What you are asked to do — The expected output is the data below, character for character, without its pictures.

Supplied data —
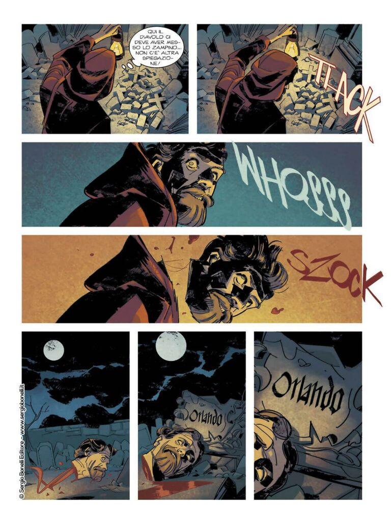 È questa la trama de IL FURIOSO ORLANDO, terzo volume della serie Sergio Bonelli Editore de LA DIVINA CONGREGA. Ai testi due dei migliori sceneggiatori della nuova generazione, Marco Nucci, ormai una presenza costante sulle pagine di Topolino, e Giulio Antonio Gualtieri, noto anche ai lettori di Dampyr; a firmare disegni, copertina e colori sono invece Alessio Petillo, Simone Pace, Matteo Spirito e Valeria De Sanctis.
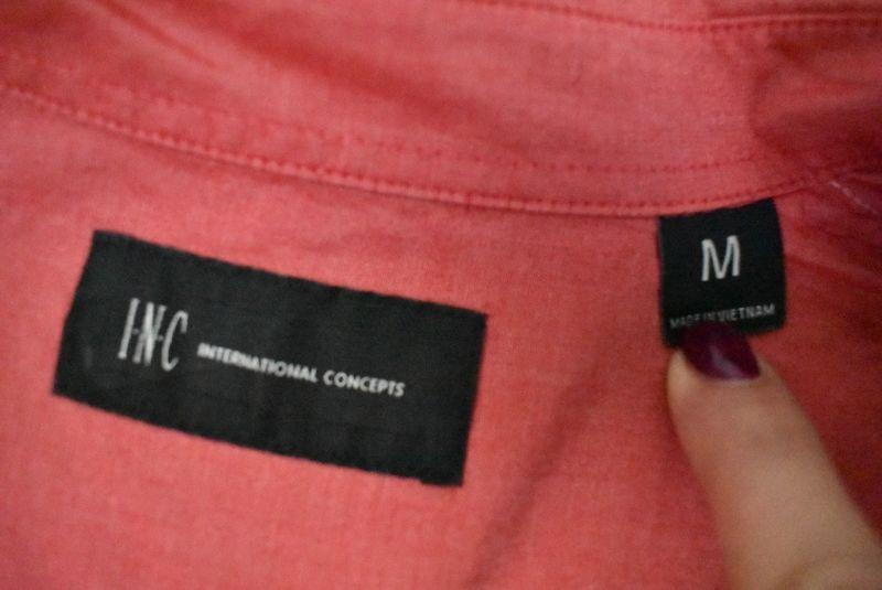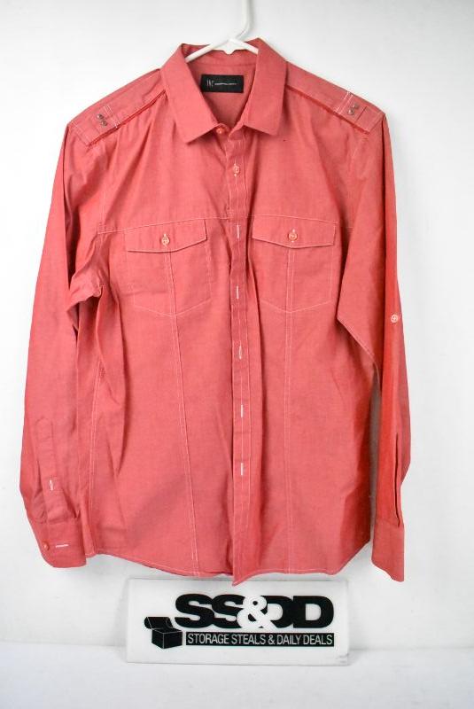 INC International Concepts Dress Shirt, Long Sleeve Button Down Size Medium, Red
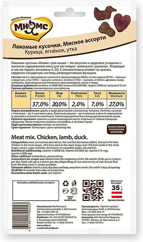 Мнямс Лакомство для кошек «Мясное ассорти»В данный момент этот товар отсутствует в продаже. Возможно, у нас найдется аналогичный или похожий товар здесь. Условия хранения товара: температурный режим от -10 до +25°С. |
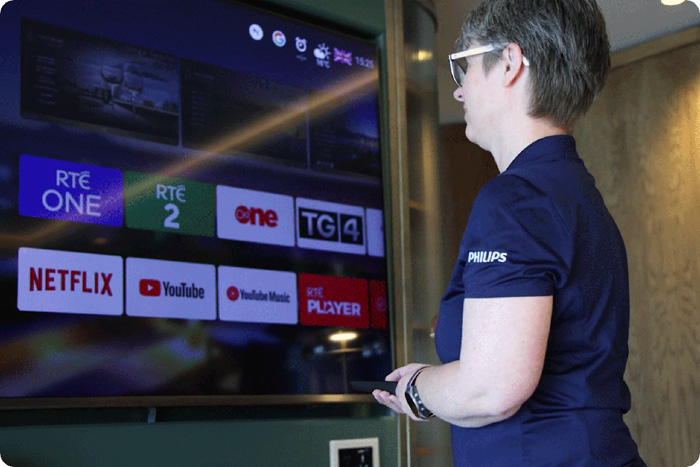 Michael Brennan,酒店董事總經(jīng)理:“MediaSuite電視滿足了我們?yōu)榭腿怂璧囊磺校撼錾漠嬞|(zhì)、全新的客信系統(tǒng)、內(nèi)置投屏功能,以及與物業(yè)管理系統(tǒng)的高效鏈接!

Response below —
 È questa la trama de IL FURIOSO ORLANDO, terzo volume della serie Sergio Bonelli Editore de LA DIVINA CONGREGA. Ai testi due dei migliori sceneggiatori della nuova generazione, Marco Nucci, ormai una presenza costante sulle pagine di Topolino, e Giulio Antonio Gualtieri, noto anche ai lettori di Dampyr; a firmare disegni, copertina e colori sono invece Alessio Petillo, Simone Pace, Matteo Spirito e Valeria De Sanctis.
 INC International Concepts Dress Shirt, Long Sleeve Button Down Size Medium, Red
 Мнямс Лакомство для кошек «Мясное ассорти»В данный момент этот товар отсутствует в продаже. Возможно, у нас найдется аналогичный или похожий товар здесь. Условия хранения товара: температурный режим от -10 до +25°С. |
 Michael Brennan,酒店董事總經(jīng)理:“MediaSuite電視滿足了我們?yōu)榭腿怂璧囊磺校撼錾漠嬞|(zhì)、全新的客信系統(tǒng)、內(nèi)置投屏功能,以及與物業(yè)管理系統(tǒng)的高效鏈接!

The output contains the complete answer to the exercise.